:: Data records

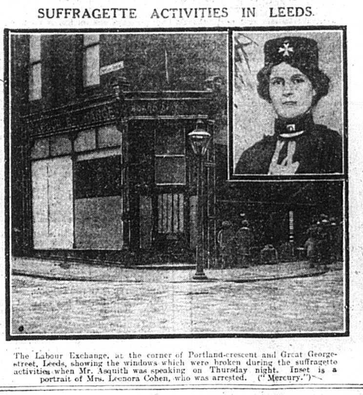 The Prime Minister visited Leeds and the Coliseum again on November 27 1913. Four arrests were made including three suffragettes: one of those was Leonora Cohen. Thousands of Suffragettes gathered in Victoria Square before continuing their demonstration along Great George Street and up to the Coliseum. As they passed the Labour exchange offices at the corner of Great George Street and Portland Crescent the demonstrators through large stones shattering the fifteen feet windows. The Mercury describes the atmosphere as “Electric”. Leonora Cohen was arrested for the smashing of the Window, Jessie Hunter for assaulting the police and two others for disturbance.
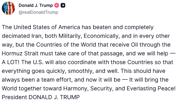 “Shtetet e Bashkuara të Amerikës e kanë mundur dhe e kanë shkatërruar plotësisht Iranin, si ushtarakisht, ekonomikisht dhe në çdo mënyrë tjetër, por vendet e botës që marrin naftë përmes Ngushticës së Hormuzit duhet të kujdesen për atë kalim, dhe ne do të ndihmojmë – shumë! SHBA-të gjithashtu do të koordinohen me ato vende në mënyrë që gjithçka të shkojë shpejt, pa probleme dhe mirë. Kjo duhet të kishte qenë gjithmonë një përpjekje ekipore, dhe tani do të jetë – Do ta bashkojë botën drejt Harmonisë, Sigurisë dhe Paqes së Përjetshme! Presidenti Donald J. Trump”, shkruan Trump./abcnews.al
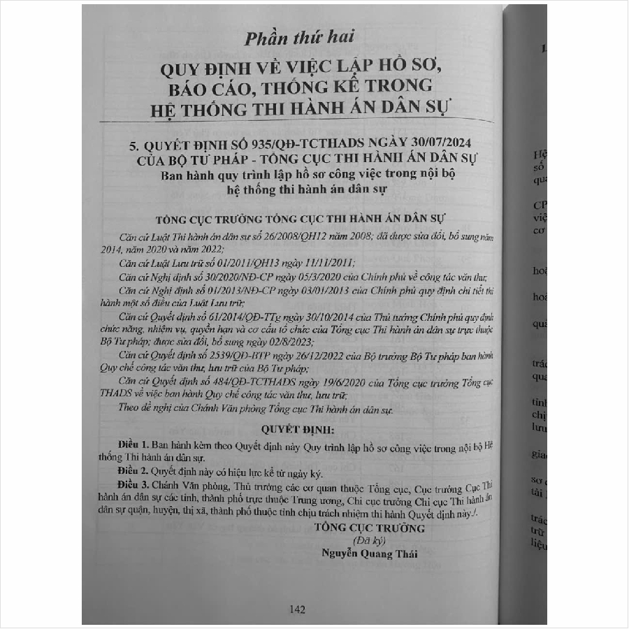 – Quyết định số 935/QD-TCTHADS ngày 30/07/2024 Ban hành quy trình lập hồ sơ công việc trong nội bộ hệ thống thi hành án dân sự…
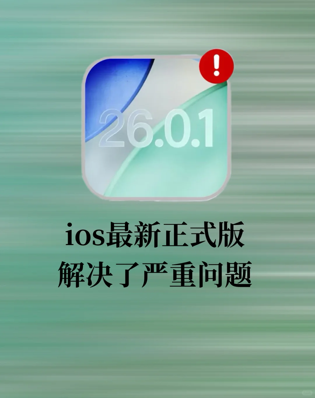 祖国妈妈庆生前夕~苹果发布了iOS 26.0.1系统,正式版后第一个小版本更新,虽然没有新功能,但是修复了iOS 26系统出现的众多 BUG
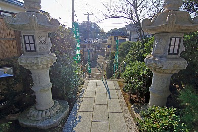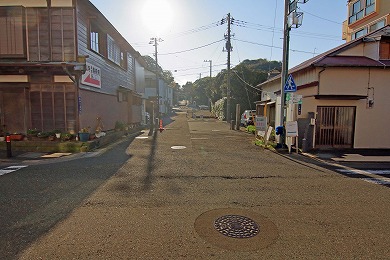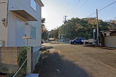 (踏切を渡り)真っ直ぐ、道路を横断し、正面斜め右の道に入ります。
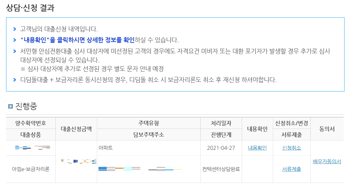 이어서 5월 10일에 한국주택금융공사 사이트에 다시 방문했는데, 다음과 같이 "지사심사중" 상태로 변경된 것을 확인할 수 있었다.
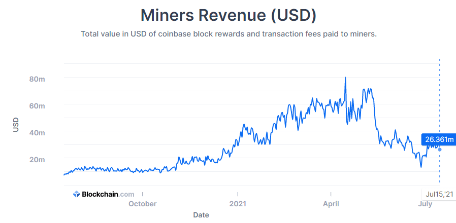 - Miner revenue is expected to rise toward the end of 2021 as miners seek alternative bases.
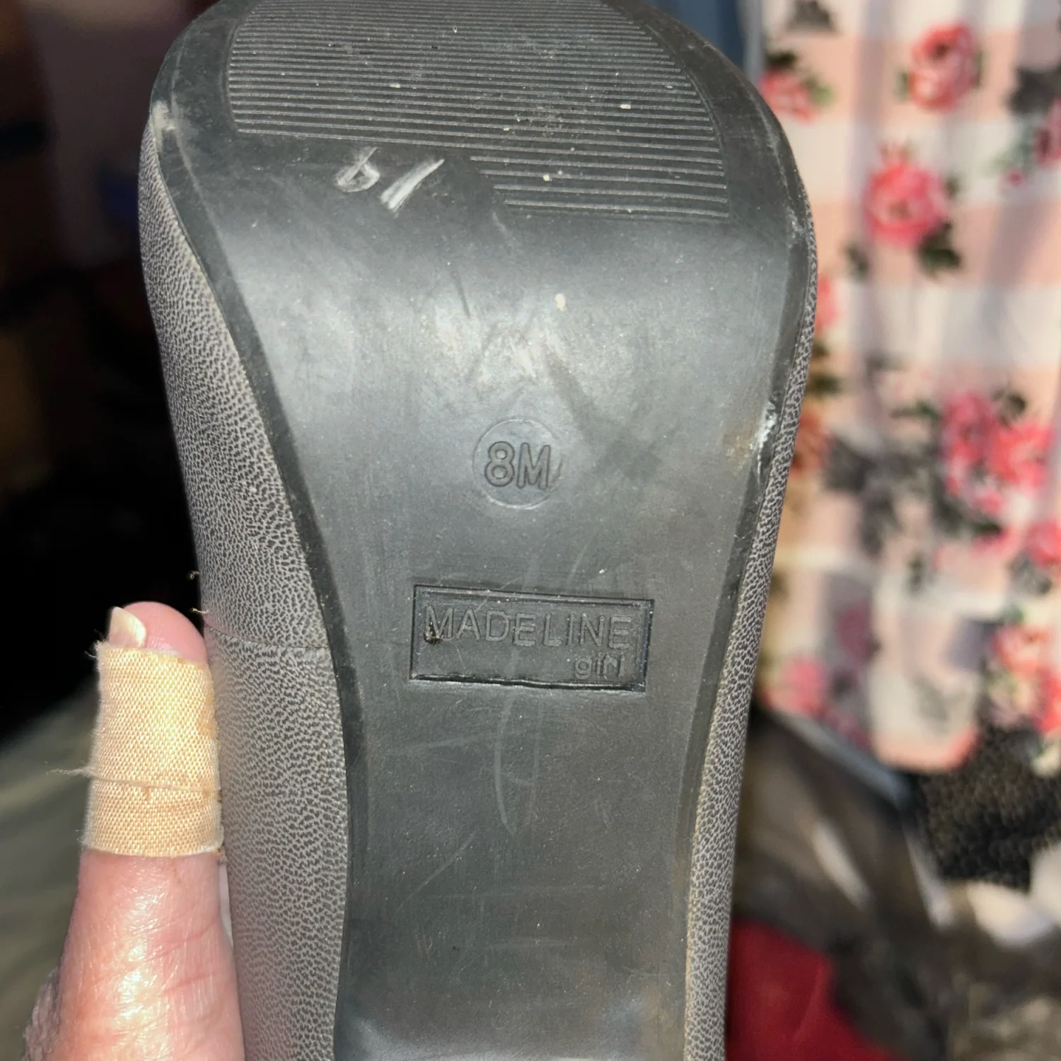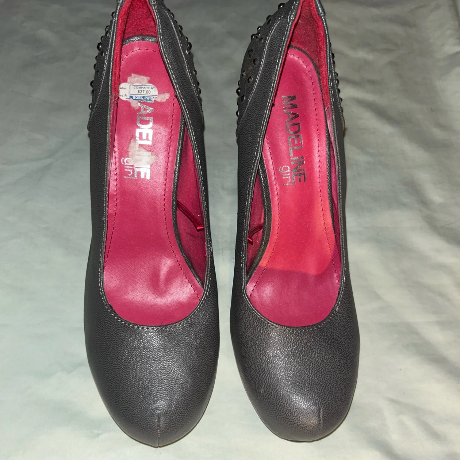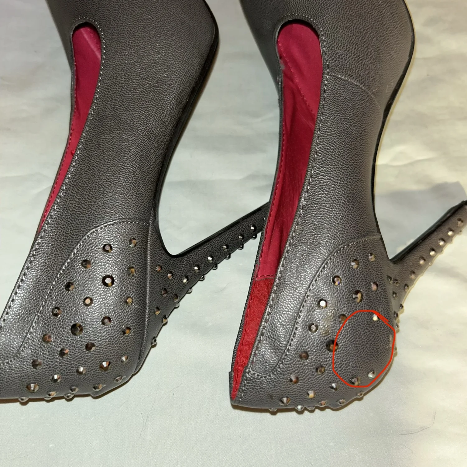 Madeline gray high heel shoes in a size 8. Rhinestones on the heels. I bought these to try and learn how to walk in heels, yeah that’s not happening! Only worn inside. Please see all pictures, zoom in and ask any questions before you purchase as these are sold as is with no returns. We are cat friendly. All proceeds go towards my husbands medical expenses. Thank you for your support.

::::

* [Activity]
Using the entries above, transcribe exactly from the line that has "e Bashkuara të" through the line that has "- Miner revenue". Pictures are dropped.

* [Response area]
 “Shtetet e Bashkuara të Amerikës e kanë mundur dhe e kanë shkatërruar plotësisht Iranin, si ushtarakisht, ekonomikisht dhe në çdo mënyrë tjetër, por vendet e botës që marrin naftë përmes Ngushticës së Hormuzit duhet të kujdesen për atë kalim, dhe ne do të ndihmojmë – shumë! SHBA-të gjithashtu do të koordinohen me ato vende në mënyrë që gjithçka të shkojë shpejt, pa probleme dhe mirë. Kjo duhet të kishte qenë gjithmonë një përpjekje ekipore, dhe tani do të jetë – Do ta bashkojë botën drejt Harmonisë, Sigurisë dhe Paqes së Përjetshme! Presidenti Donald J. Trump”, shkruan Trump./abcnews.al
 – Quyết định số 935/QD-TCTHADS ngày 30/07/2024 Ban hành quy trình lập hồ sơ công việc trong nội bộ hệ thống thi hành án dân sự…
 祖国妈妈庆生前夕~苹果发布了iOS 26.0.1系统,正式版后第一个小版本更新,虽然没有新功能,但是修复了iOS 26系统出现的众多 BUG
 (踏切を渡り)真っ直ぐ、道路を横断し、正面斜め右の道に入ります。
 이어서 5월 10일에 한국주택금융공사 사이트에 다시 방문했는데, 다음과 같이 "지사심사중" 상태로 변경된 것을 확인할 수 있었다.
 - Miner revenue is expected to rise toward the end of 2021 as miners seek alternative bases.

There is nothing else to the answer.